(Records contained in a dataset)
______

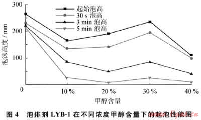 為了充分說明泡排劑LYB-1具有較強(qiáng)的抗甲醇能力,30℃時(shí)將該泡排劑與現(xiàn)場(chǎng)應(yīng)用較多的泡排劑UT-118、HY-5G和HY-3G進(jìn)行了對(duì)比,試驗(yàn)結(jié)果見表3。表3數(shù)據(jù)表明,泡排劑LYB-1具有較強(qiáng)的抗甲醇能力,明顯優(yōu)于其他3種泡排劑。
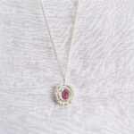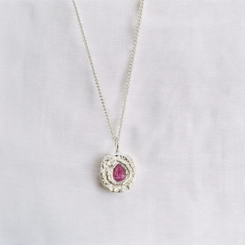 Recycled sterling silver and pink sapphire portrait pendant, ethical jewellery handmade in Sydney.
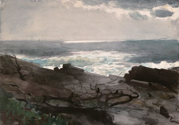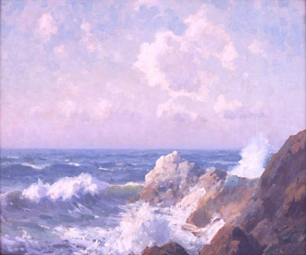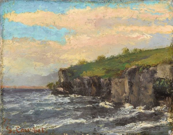 Curator: Jean-François Millet’s "Les falaises de Gréville," painted between 1871 and 1872. Look at how the oil paint captures the cliffs overlooking the sea. It’s like a hushed stage before the storm. Editor: I see a quiet intensity—that churning sea with foamy white caps hints at power. I almost feel the dampness in the air, and the rough texture of the rocks against my hand. It is an invitation to reflection. Curator: Indeed, it reflects a transition in Millet's work, leaning toward the impressionistic but still firmly rooted in realism. I mean, this region held a significant emotional weight for him, as it's where he spent his childhood. Think about that childhood shaping his view. Editor: The rocks themselves could be read as steadfast sentinels of time, each one carrying stories of weathering and endurance. There’s almost a primal energy, that pull between earth and water, mirrored in the sky. Curator: Right, the landscape seems to function as a repository of memory and the infinite nature that surpasses individual lifetimes. Even the sky feels symbolic, pregnant with both potential and passing. Editor: I keep being drawn back to the water... that mesmerizing shimmer pulls me towards contemplating its connection to unconsciousness. Perhaps the water’s surface mirroring a dream. Curator: It also speaks to the relationship between Millet and his environment, with the post-impressionist nuances acting as almost direct sensory translations. A translation of the feelings. Editor: Perhaps this is why its lasting effect feels familiar...it is the elemental struggle of existence transformed into visual metaphor. In the end, these cliffs aren't just a location, they become symbols for our human condition. Curator: Absolutely, "Les falaises de Gréville" is about remembering, feeling, and representing through material a lasting moment that, while gone in life, is immortalized in art. Editor: What is interesting to me, is its almost archetypical significance--enduring cliffs meet wild sea. A painting pregnant with meaning that still manages to be so quietly personal.
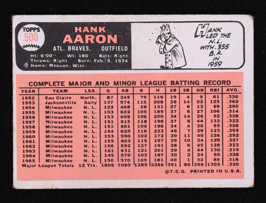 Hank Aaron 1966 Topps #500
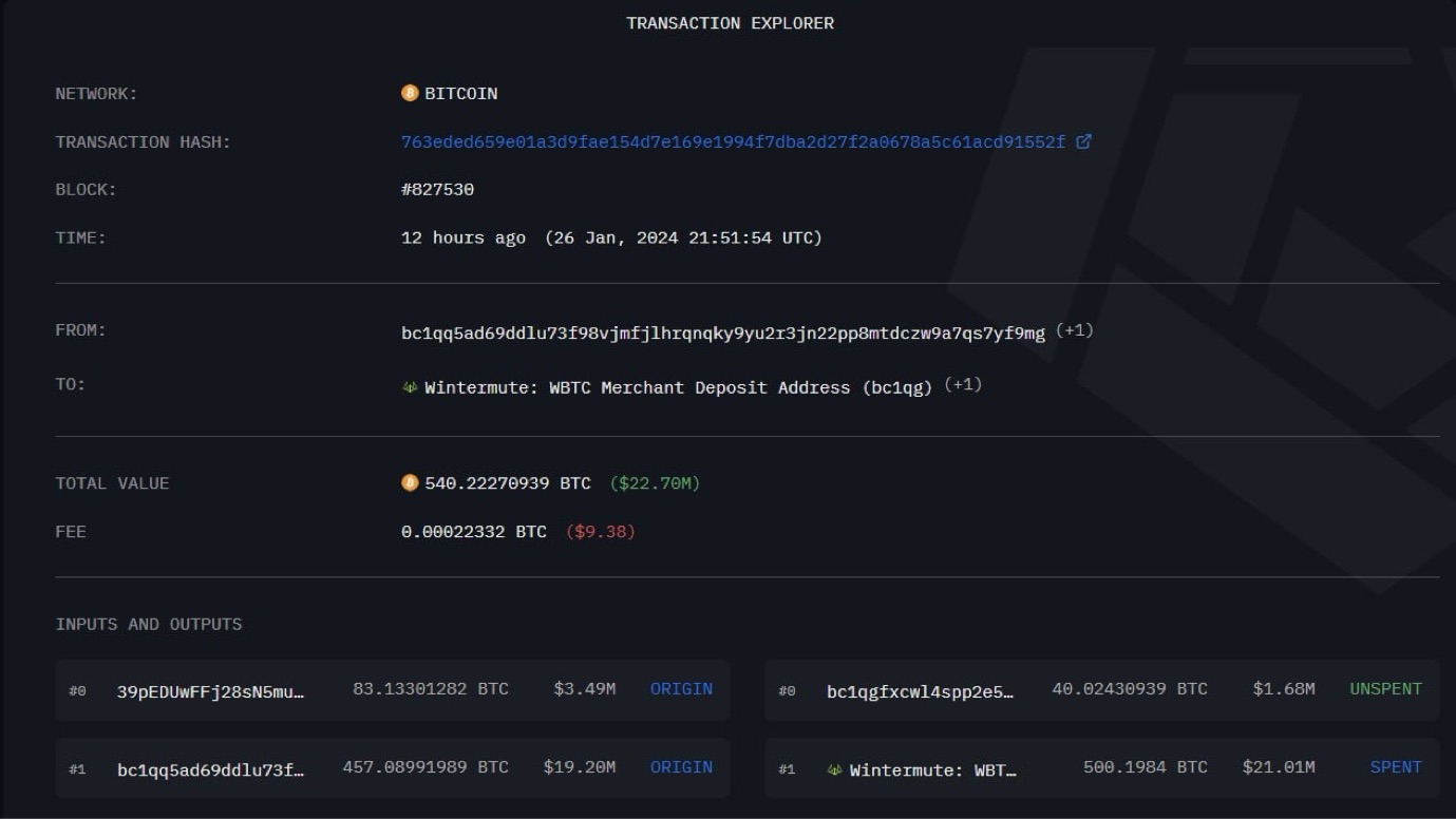 11 tiếng trước, #Wintermute đã chuyển 500 $BTC = 21M$ lên WBTC Merchant Deposit

______

The task:
Beginning with the line that holds "Hank Aaron 1966 Topps #500", return each line through the end of the records above exactly. Do not include pictures.

Exercise result:
 Hank Aaron 1966 Topps #500
 11 tiếng trước, #Wintermute đã chuyển 500 $BTC = 21M$ lên WBTC Merchant Deposit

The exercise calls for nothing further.